● Data records
= = = = = = =

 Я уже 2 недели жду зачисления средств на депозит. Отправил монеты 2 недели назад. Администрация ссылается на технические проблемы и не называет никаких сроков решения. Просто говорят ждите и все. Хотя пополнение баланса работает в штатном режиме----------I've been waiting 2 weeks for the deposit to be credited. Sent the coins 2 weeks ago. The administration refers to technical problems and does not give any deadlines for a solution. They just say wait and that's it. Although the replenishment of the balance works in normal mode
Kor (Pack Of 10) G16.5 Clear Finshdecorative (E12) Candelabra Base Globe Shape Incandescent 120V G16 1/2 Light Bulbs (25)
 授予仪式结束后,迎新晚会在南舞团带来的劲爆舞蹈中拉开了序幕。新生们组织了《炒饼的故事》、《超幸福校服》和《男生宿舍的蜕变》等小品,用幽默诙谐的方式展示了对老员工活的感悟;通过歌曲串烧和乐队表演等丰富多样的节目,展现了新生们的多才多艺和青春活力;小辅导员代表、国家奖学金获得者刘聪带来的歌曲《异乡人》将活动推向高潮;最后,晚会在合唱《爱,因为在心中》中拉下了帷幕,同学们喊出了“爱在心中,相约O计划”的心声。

= = = = = = =

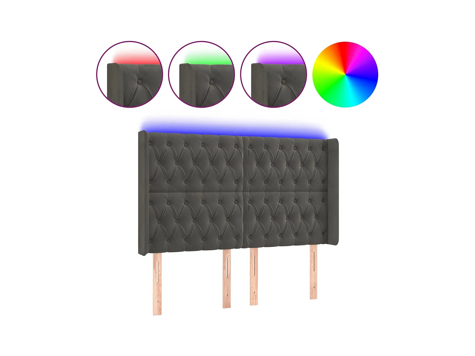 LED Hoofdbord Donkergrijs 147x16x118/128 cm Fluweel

= = = = = = =

● Work instructions
Repeat exactly the lines of the listing above, from the one with "Kor (Pack Of" down to the one with "授予仪式结束后,迎新晚会在南"; both of those lines belong in the range.

● Your solution
Kor (Pack Of 10) G16.5 Clear Finshdecorative (E12) Candelabra Base Globe Shape Incandescent 120V G16 1/2 Light Bulbs (25)
 授予仪式结束后,迎新晚会在南舞团带来的劲爆舞蹈中拉开了序幕。新生们组织了《炒饼的故事》、《超幸福校服》和《男生宿舍的蜕变》等小品,用幽默诙谐的方式展示了对老员工活的感悟;通过歌曲串烧和乐队表演等丰富多样的节目,展现了新生们的多才多艺和青春活力;小辅导员代表、国家奖学金获得者刘聪带来的歌曲《异乡人》将活动推向高潮;最后,晚会在合唱《爱,因为在心中》中拉下了帷幕,同学们喊出了“爱在心中,相约O计划”的心声。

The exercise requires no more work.